I think I have only worn that one in Las Vegas.
posted by RustyBrooks at 8:45 AM on November 8, 2017 [1 favorite]


The thing I hate most is that the coolest designs in my size end up coming from "The Mountain" (aka: Three Wolf Moon). There are *some* that carry 5x beyond that, an occasional pop-culture (voltron, megaman, transformers) that I like, but generally... Most never quite fit right. The Mountain fits right, but they always have their arm-pit tieup(? where the finish the stitching inside the pit) and it never fails to fail there. Always.

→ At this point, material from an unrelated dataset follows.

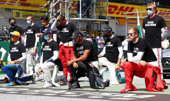 Britain’s Lewis Hamilton and other drivers have knelt ahead of every race for the past two seasons in a show of solidarity against racism.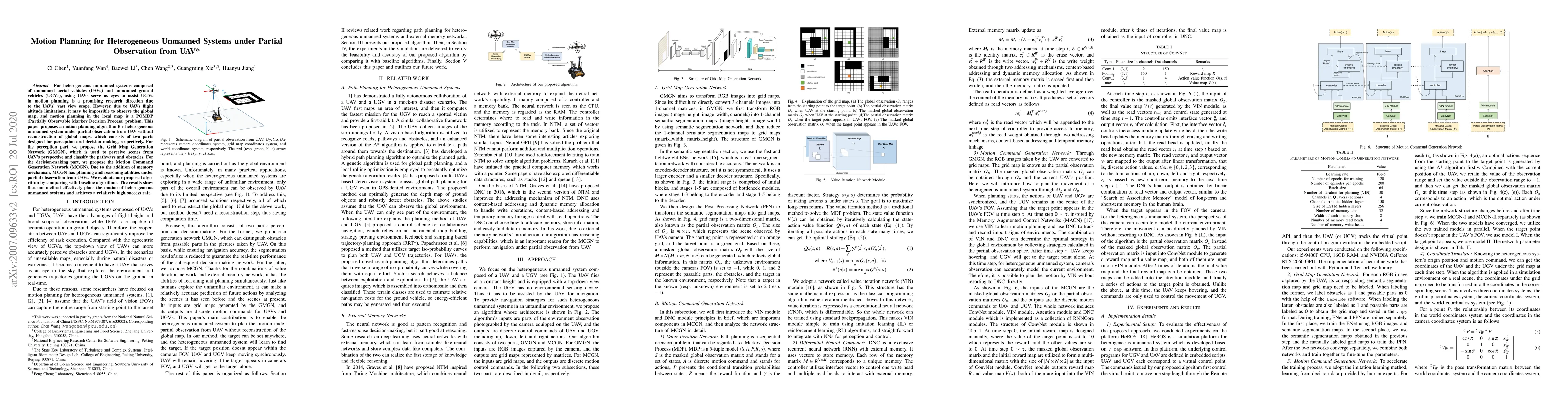This paper proposes a motion planning algorithm for heterogeneous unmanned systems using UAVs to assist UGVs under partial observation, introducing a Grid Map Generation Network for perception and a Motion Command Generation Network with memory for decision-making, achieving effective local motion planning without global map reconstruction.

I'd glady order from Threadless, Design by Humans, etc... if they fucking carried more than Silicon Valley Geek Boy sizes.
posted by symbioid at 8:50 AM on November 8, 2017


Thanks for posting this. I wanted a Bald Eagle Combover T shirt for the longest time, and the last time I logged on there they said they will bring it back but it was out of stock. now that it is all print to order; I got mine in yesterday.

Thankyou,Thankyou,Thankyou,Thankyou. Christmas has come early.
posted by indianbadger1 at 8:53 AM on November 8, 2017 [1 favorite]


Had a few back in the early days that I loved. A paint swatch fanned out to show a heart. A muffin screaming AH MUNNA EE CHOO. An Octupus holding a Loch Ness Monster head above water. An 8 bit Police Quest scene with a pixellated bloody mess on it.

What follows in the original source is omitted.